Gain Community Access, Build Trust, Understand Needs and Resources, and Joint Promotion

The Project gains access into communities through formal institutional channels and collaborates with the communities to better understand local needs, which informs the service plan design. They leverage community resources to conduct promotional activities and post repair service notices. Service offerings cover home repair such as kitchen and bathroom renovations, plumbing, electrical work, appliance fixes, lock and screen replacement, pipe unclogging, waterproofing, as well as home installations like setting up appliance, faucet, lighting, and toilet.

  • Community Support: Community staff make visits and hold resident meetings to identify the most common repair needs among seniors, such as plumbing, electrical work, and appliance fixes.
  • Promotion Platforms: Traditional channels such as community bulletin boards, flyers, and electronic displays are used to post service notices and low-carbon living slogans; online platforms such as WeChat groups and official accounts (subscription-based content channels where users can follow and read posts) are also leveraged to share information.

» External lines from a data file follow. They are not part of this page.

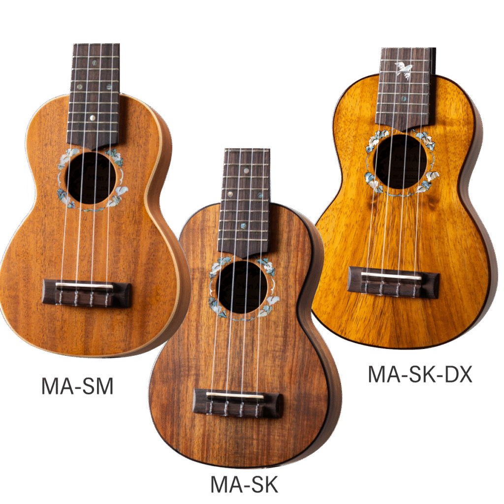 Soprano Series MA-SM マホガニー単板(サテン)¥88,000MA-SK ハワイアンコア単板(サテン)¥137,500MA-SWM ホワイトマンゴー単板(グロス)¥110,000 ※初回ロット完売MA-SK-DX ハワイアンコア単板(グロス/デラックス)¥154,000 価格は全て税込です MA-SM MA-SK MA-SK-DX 固定ページ 1 2 3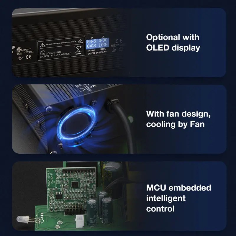 कार्यक्षम वीज पुरवठा: 20-50A आउटपुट करंटला सपोर्ट करून 12V ते 72V च्या रेंजमध्ये स्थिर वीज पुरवते.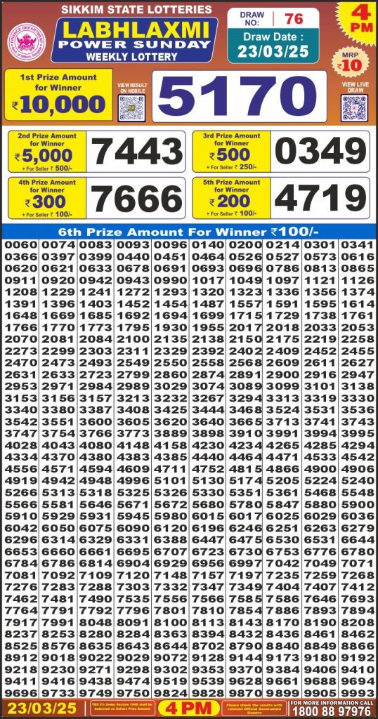 Labhlaxmi power sunday weekly lottery 4 pm result 23-3-25 Results Editorial Staff March 23, 2025 Leave a Comment on Labhlaxmi power sunday weekly lottery 4 pm result 23-3-25 Posted in Results Share: XFacebookPinterestRedditVKDiggLinkedinMix Related Results Punjab State Dear 200 Monthly Lottery 6pm Result 07-02-26 Punjab State Lohri Bumper Lottery Result 2026 Live Updates Dear X-Mas Bumper 6pm Lottery Result 27-12-25 Punjab State Dear 100 Monthly Lottery 7pm Result 09-12-25 Punjab State Lottery Dear 100 Monthly 7pm Result 11-11-2025 Dear 2000 Monthly Lottery 7pm Result 08-11-25 Check Now Dear Puja Bumper Lottery Result 11-10-25 Publish Author: Results Editorial Staff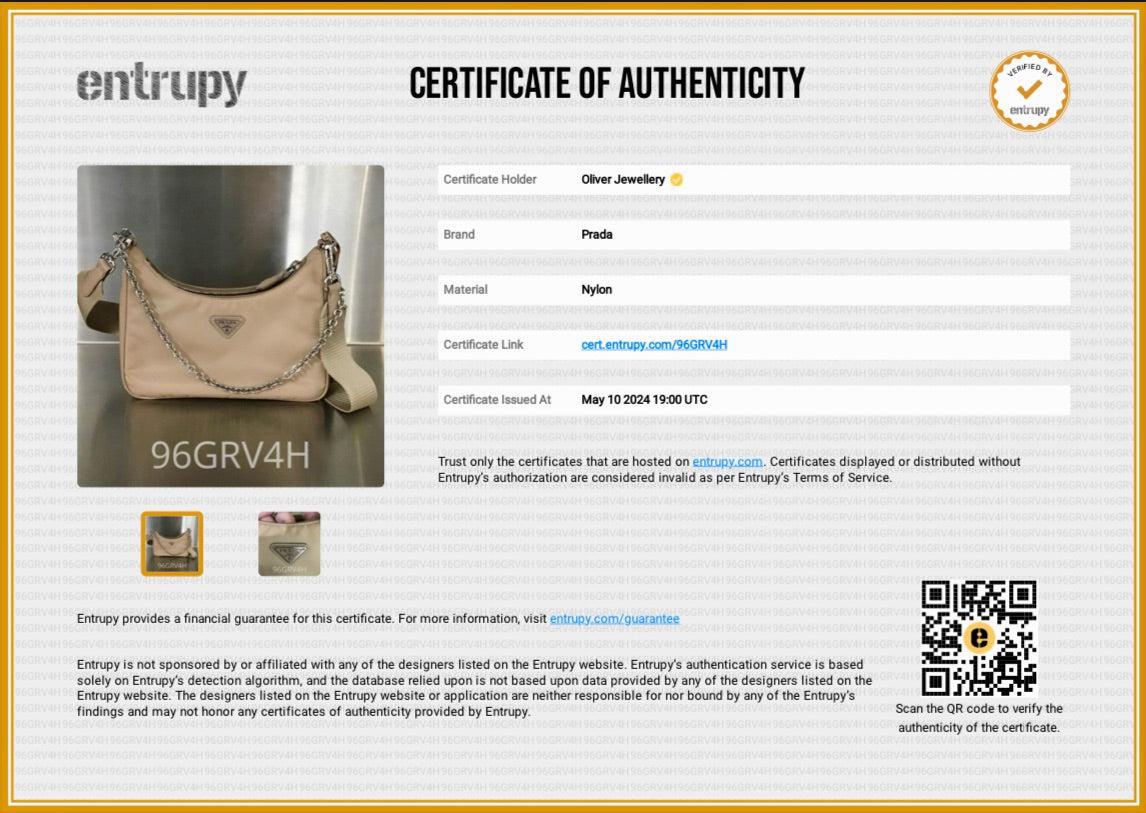Authenticity Card, Dust Bag, Zip Pouch, Detachable Straps, Entrupy Certificate of Authenticity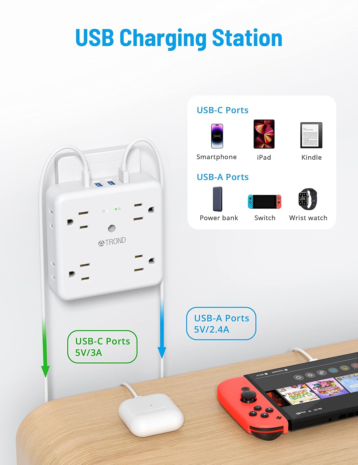 - USB Wall Charger: TROND multiple plug outlet has 3 USB A and 1 USB C wall charger on the upside, delivering charge speed up to 3.0A (USB A: 2.4A USB C: 3.0A max. output). Space-saving USB charging station for bedside, dorm room, desktop, and office

  • Hosting public repair events on occasions like Earth Day provides convenient services to residents while raising awareness of the “HandyHeroes” initiative.
  • Scenario-based promotion can be more effective: Setting up “low-carbon repair zones” in busy areas such as community squares or markets with tangible displays (e.g., upcycled items) enhances residents’ intuitive understanding.
  • Diversify Content: Integrating case stories (e.g., “upcycling expert sharing”) can increase promotional effectiveness.
  • Address senior residents’ needs: Since senior residents may have limited online access, it is essential to carry out in-person, one-on-one outreach (e.g., door-to-door distribution of service manuals).